Full text of the letter is below and available here.

April 13, 2018

Lieutenant General Timothy J. Kadavy
Director, Army National Guard
National Guard Bureau
111 S. George Mason Drive
Arlington, VA 22204

Dear LTG Kadavy,

We write to respectfully request your support for the Military Funeral Honors (MFH) program and coordinator resourcing in each state National Guard. As you consider proper resourcing to administer the MFH program, we believe that each state National Guard must be allocated at least one MFH coordinator and states with increased workload should receive additional resources as the National Guard Bureau (NGB) determines appropriate.

Providing professional military funeral honors to our veterans is a service tradition that demonstrates our nation’s gratitude to those who have faithfully defended and protected our country. These ceremonial honors demonstrate our nation’s respect to each veteran’s next of kin and surviving loved ones during their tremendous time of loss. MFH coordinators are critical to the proper rendering of honors to our veterans and their families. While their primary responsibility is to determine the eligibility and appropriate honors for the deceased veteran for their service, their responsibilities are far more encompassing as the face and primary point of contact for the Department’s MFH program. To accurately characterize the functions of the MFH coordinator, we urge you to consider the full breadth of their responsibilities including: training service members who perform the military funeral honors; the coordination with Veterans Service Organizations (VSO) and units within the state that are key partners in performing MFHs; and providing immediate attention (24/7/365) to families in need of assistance, referrals and follow-up services regarding a variety of family-related issues and benefits.  
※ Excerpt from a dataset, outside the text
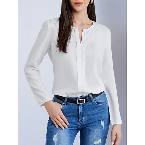 Per donna Camicia popover Camicia Estiva Camicia casual Blusa Tinta unica Elegante Essenziale Casual Manica Lunga Scollo a V Top lunghi Quotidiano Lavoro Ferie Blu Nero Bianco Rosa Rosso Estate
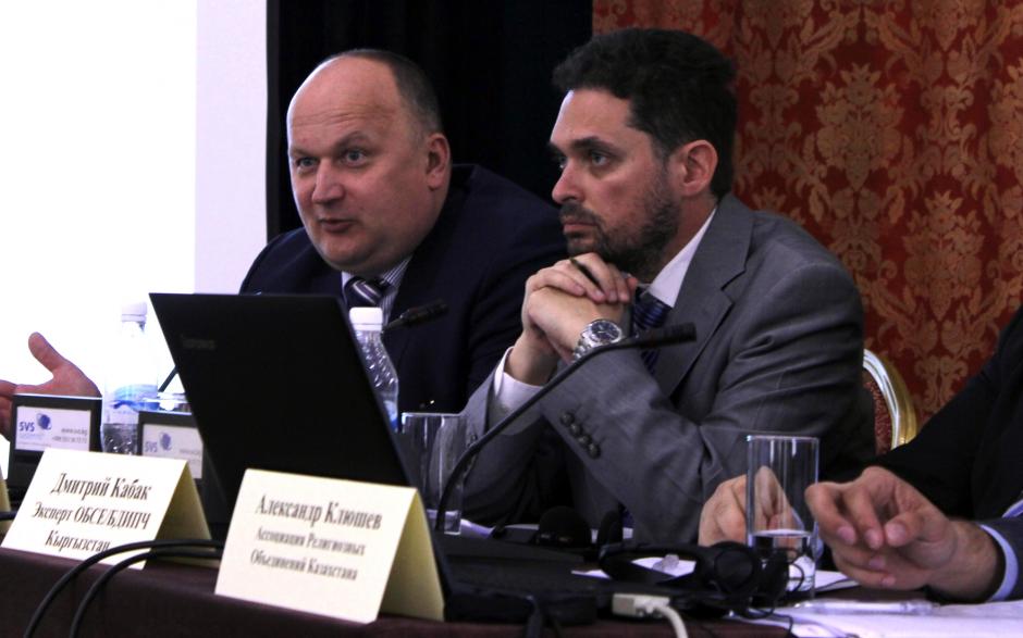 Ringolds Balodis, Professor of Law of Latvian University (left) and Omer Fisher, Deputy Head of the OSCE/ODIHR Human Rights Department, at the meeting on legal personality of religious or belief communities, on 20 April 2015, in Bishkek, Kyrgyzstan

We were disappointed to learn that earlier this year, the NGB announced a plan to eliminate the MFH coordinator positions in eight states (ID, KS, ME, NH, RI, WY, SD, and WV) based on the recommendations of a 2016 Army Auditing Agency (AAA) audit that does not take into account the totality of coordinator responsibilities we have outlined. Eliminating these positions provides no tangible benefit to the NGB and would negatively impact the Department’s ability to properly perform the statutory requirement of providing military funeral honors to veterans in these states. As you know, the 2016 AAA audit found that of the funerals sampled, the Department failed to perform honors for 88 deserving veterans. One missed service is one too many and eliminating these coordinator positions will only increase the risk that additional veterans do not receive the honors they have earned.
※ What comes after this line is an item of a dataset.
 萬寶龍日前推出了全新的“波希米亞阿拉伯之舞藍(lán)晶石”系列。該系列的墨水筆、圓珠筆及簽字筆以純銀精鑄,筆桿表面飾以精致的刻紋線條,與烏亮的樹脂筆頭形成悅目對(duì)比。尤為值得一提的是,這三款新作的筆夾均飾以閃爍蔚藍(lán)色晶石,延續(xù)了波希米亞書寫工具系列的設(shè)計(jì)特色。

Our veterans deserve the best our nation has to offer and their families deserve to lay them to rest with military funeral honors that are coordinated and executed faithfully. We do not believe there is any justification that would validate the removal of these positions and urge you to resource each state with at least one MFH coordinator.

Thank you for your consideration of this matter and for all you do to ensure our veterans and their families are properly honored.